Night vision devices need some sort of light source in order to operate. The equipment makes use of small amounts of natural lighting, such as moonlight and starlight. That minuscule amount of light is utilized by converting the light’s energy (photons) into electrical energy, or electrons.
The electrons pass through a small disc inside the night vision device that contains millions of individual channels. As the light makes it’s way through the channels thousands of new electrons are released (multiplied). This new, larger amount of electrons then bounce off a phosphor screen (the greenish glow associated with night vision) that instantly converts the electrons back to photons. This conversion of amplified electrical energy back into light energy (remember, the energy has been greatly amplified at this point) allows the user to see “in the dark.”
Night vision binoculars vary in price. The device above comes in just under $8,000.
Beacons, such as the Phoenix Jr. (above) are used to help prevent friendly-fire accidents. The tiny flashing infrared light can only be seen using night vision (see top image).

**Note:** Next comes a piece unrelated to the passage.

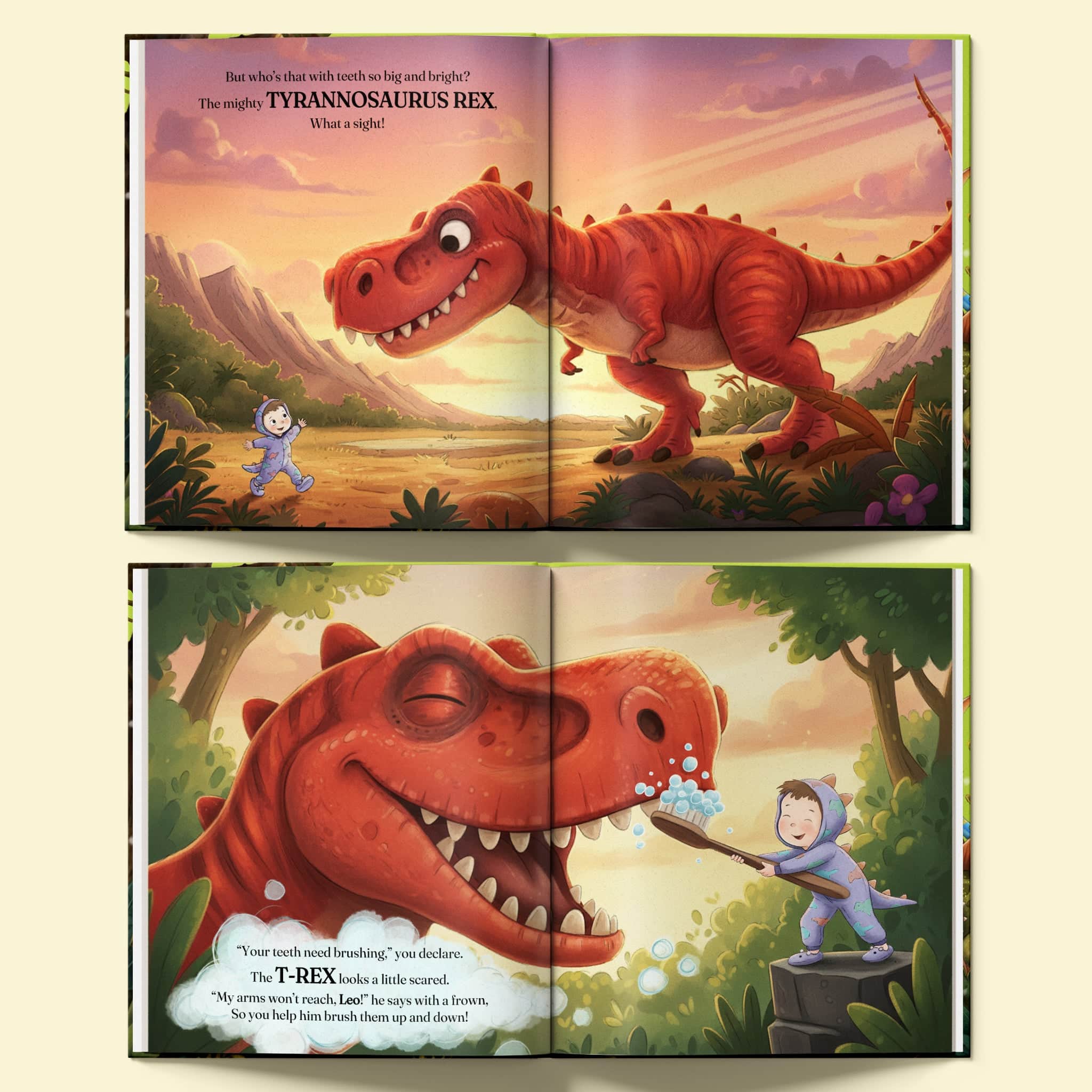 From brushing the T-Rex’s teeth to reading a story with Brachiosaurus, every moment feels personal, cozy, and full of wonder.

A GPS equipped Phoenix Intruder Tripwire Beacon is placed along a pathway traveled by a potential suspect, or other target (military use). The beacon emits a signal that’s both visible and traceable (GPS). For military use mortars may be sent to the beacon’s location, eliminating the target. Police surveillance and apprehension teams would track, locate, and engage their suspect. Then they’d take him into custody.
– Night vision does not show normal depth perception.
– Objects with dull surfaces that appear light during the day show up dark at night when viewing with night vision. And, objects that appear dark during the day, but have shiny surfaces, will appear lighter at night when seen with night vision.
– Bright ambient light reduces the images seen through night vision devices. Therefore, reflective light, such as light that’s amplified by rain, fog, mist, etc. hinders the performance of night vision devices.